8月5日(金),研修科および本科グラフィックデザイン実習を専攻する受講生たちは,2011サイエンスパーク(北海道/北海道立総合研究機主催)に参加し,工作教室を開きました。未来を担う子どもたちへ向けて,科学を身近に感じながら理解を深めてもらおうと企画された展示・体験型イベントです。
タイトルは「モビールでつくるゆらゆらの森」。生態系や生物多様性の大切さをモビール工作を通して学び,自然界のバランスを表現しようという試みです。(今年2月に札幌市青少年科学館で実施した「絶滅が心配されている北海道の野鳥」に続く,第2弾の企画です。)

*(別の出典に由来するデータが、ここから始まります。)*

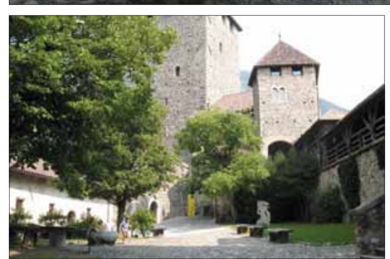
(Far left, top) The Castle Tyrol dominates the hilltop anove Merano. (Far left, bottom) The Passirio River flows through the valley and has a pleasant walkway along its banks.(Above) Children enjoy a refreshing drink from the well in the castle courtyard. (Left) The courtvard of the Castle Tyrol is fully accessable to enter.

小学2年生から6年生まで,29名の子供たちが,会場となったサッポロファクトリーに集まりました。
今回の主役は北海道に生息するシマフクロウ。工作に取りかかる前にまずはクイズ形式のミニレクチャーです。人間による給餌と人工の巣によって保護されているシマフクロウの現状や,シマフクロウが自らの力で生きてゆける本来の森(生態系)を回復させるための取り組みを紹介しました。
ミニレクチャーが終わると,待ちに待った工作の開始です。シマフクロウのほか,餌となるオショロコマやネズミなど5種類の動物や植物のイラストを用意しました。
子供たちは真剣な表情で,ハサミを使ってイラストを切り取ってゆきます。切り取り作業が終わると,いよいよモビールの組み立てです。切り取ったイラストと細長い棒,それを糸で結んでバランスをとりたいのですが,手先を使った細かい作業に多くの子供たちが苦戦している様子でした。
完成させるモビールは,シマフクロウとその餌となる動植物の関係(食物連鎖)をイメージさせたものです。しかし,直接的に「食べる」「食べられる」という関係だけで,生物多様性を理解することはできません。もっと多様で複雑な生命の集合体である本来の「豊かな森」について,まとめのミニレクチャーを小泉絢花さんが担当しました。
バランスをとる作業は意外と難しかったようです。完成できたのはほんの数名でしたが,できあがると,ゆらゆらと動くモビールを掲げて満足そうにしていました。そして参加した子供たちから「楽しかった!」,「難しかったけどまた挑戦したいです」,「今度は本州の動物について調べてみたい」など,たくさんの感想がよせられました。ある程度の難易度があってこそ,チャレンジしたいという気持ちにつながるのかもしれません。
最後に,このワークショップを企画するにあたり鈴木幸弥さん(CoSTEP修了生/日本野鳥の会札幌支部)より専門的な視点からアドバイスをもらいました。日本野鳥の会からは,シマフクロウに関する資料を提供してもらうなど,協力をいただいています。この場をかりて御礼申し上げます。
自然界のバランスをモビールで表現するプロジェクト,今後も継続させてゆきたいと思います。